Eleven years of being alone for the holidays.
I’m generally pretty happy and content with life on my own, but every time the holidays come around I feel the loneliness with such crushing intensity that it makes it hard to fully enjoy the merriment of the season.
I hate that.
That I’m alone, yes, but more so that I let it dampen my holiday spirit and steal my joy.
So this year, I decided to do something about it.
Rather than sulk at home, eating my weight in gluten free chocolate chip cookies while watching Christmas movies that will inevitably make me more sad (serving as a reminder of what I don’t have), I’m going out and disrupting my seasonal depression by doing things that excite and delight me.
Is it a form of distraction? Yes, absolutely.
But I can’t keep feeling sad or helpless over the fact that I’m still single, all these years later, or that my life hasn’t turned out at all how I’d pictured it – having a partner and family of my own to celebrate with.
So instead, I’m kicking off my DIY kitchen remodel – first up is painting my cabinets – I’m doing ALL the festive things with friends and coworkers, I’m decorating my own goddamn tree and I’m going skydiving (something I’ve wanted to do for YEARS)...just don’t tell my mom!
I also just booked my first full triathlon – another bucket list item – and I’m very excited (and slightly terrified) to challenge myself in that way next year. If you didn’t know this about me, I’m a terrible swimmer, so this’ll be interesting…
And then there’s this – finally launching my Substack publication, How’d I End Up Here, after weeks and weeks of writing and tweaking, then dragging my feet for fear that know one will want to read it.
Basically, I’m doing my darndest to focus on the many positives of my life, choosing to be present and grateful for what I have, rather than continuing to dwell on the past or fret over the future. Not an easy thing to do, especially for this overthinking Virgo, but this quote by author Elizabeth Gilbert recently struck a chord and strengthened my resolve:
“I've never seen any life transformation that didn't begin with the person in question finally getting tired of their own bullshit.”

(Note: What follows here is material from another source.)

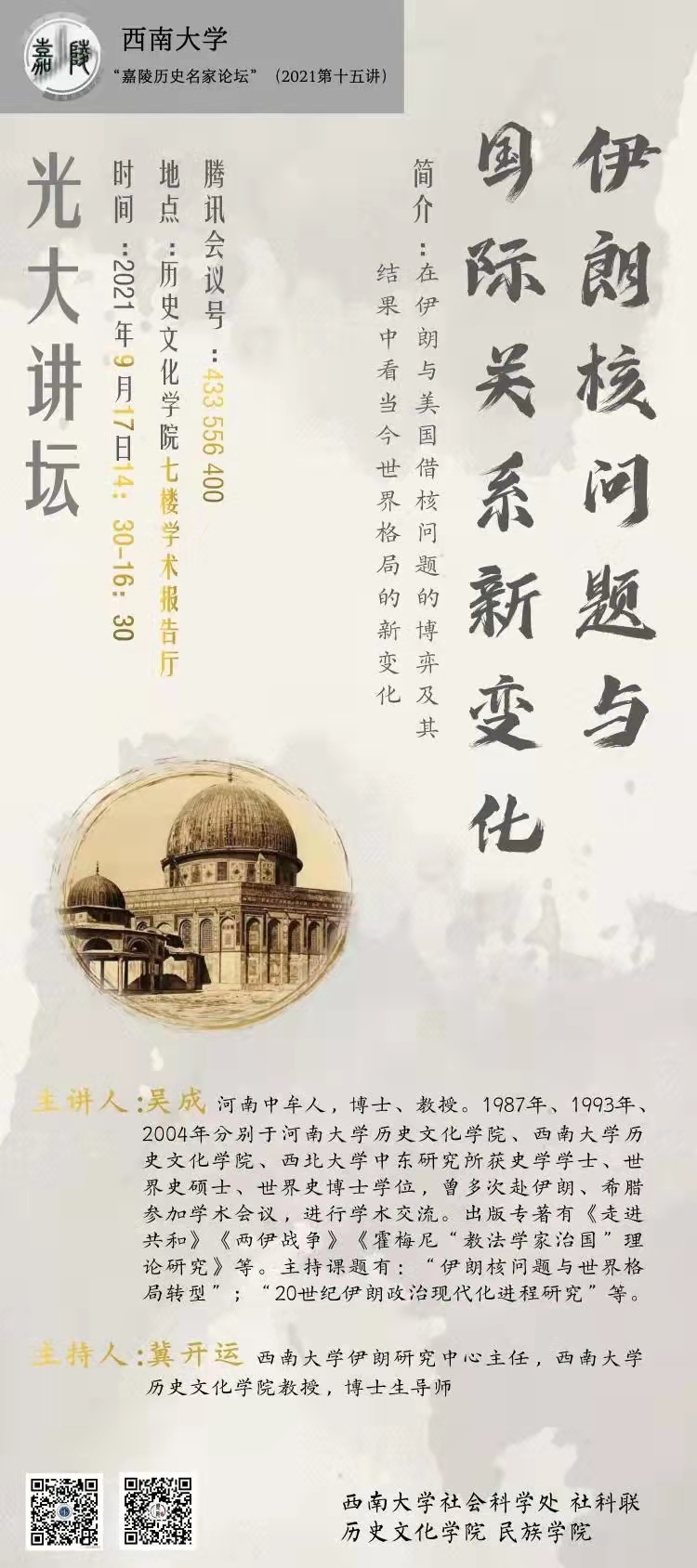 主讲人:吴成,河南中牟人,博士、教授。1987年、1993年、2004年分别于河南大学BB贝博艾弗森、BB贝博艾弗森、西北大学中东研究所获史学学士、世界史硕士、世界史博士学位,现工作于河南师范大学马克思主义公司,曾多次赴伊朗、希腊参加学术会议,进行学术交流。2007年6月,在德黑兰与伊朗前总统哈塔米同台主持霍梅尼思想研讨会开幕式,并作《用人生圣火点亮共和之灯》的主题发言,受到与会者好评。出版专著有《社会思潮研究》《走进共和》《两伊战争》《教法学家治国》《霍梅尼“教法学家治国”理论研究》《社会主义核心价值与当代中国社会思潮》《伊朗核问题与世界格局转型》《巴列维王朝的最后400天》。

And that’s where I’m at – tired of my own bullshit and done feeling sad over what I don’t have and letting my life and joy pass me by in the process.
The reality is we spend more time in between life’s big moments than actually in them and it’s those moments in between that make up the messy, magical, memorable times of our lives – the ones we’re more likely to look back on in the end, especially if we wished we’d done things differently.
Maybe it’s because I’m 40 and knocking on midlife’s door, but after a particularly ugly ugly cry a few weeks ago, it hit me how much time I’ve wasted feeling sad or envying what others have, instead of taking this life I’ve been given – the one without a partner or kids – and doing something with it. Something fun, adventurous, daring, meaningful and bold.
So I’m shaking shit up and doing things differently. Not to pass the time, but rather to make the most of it.
And that’s what I hope for you, my friend – that no matter where you’re at in life, you’re able to find joy just as you are and make the most of this season, too.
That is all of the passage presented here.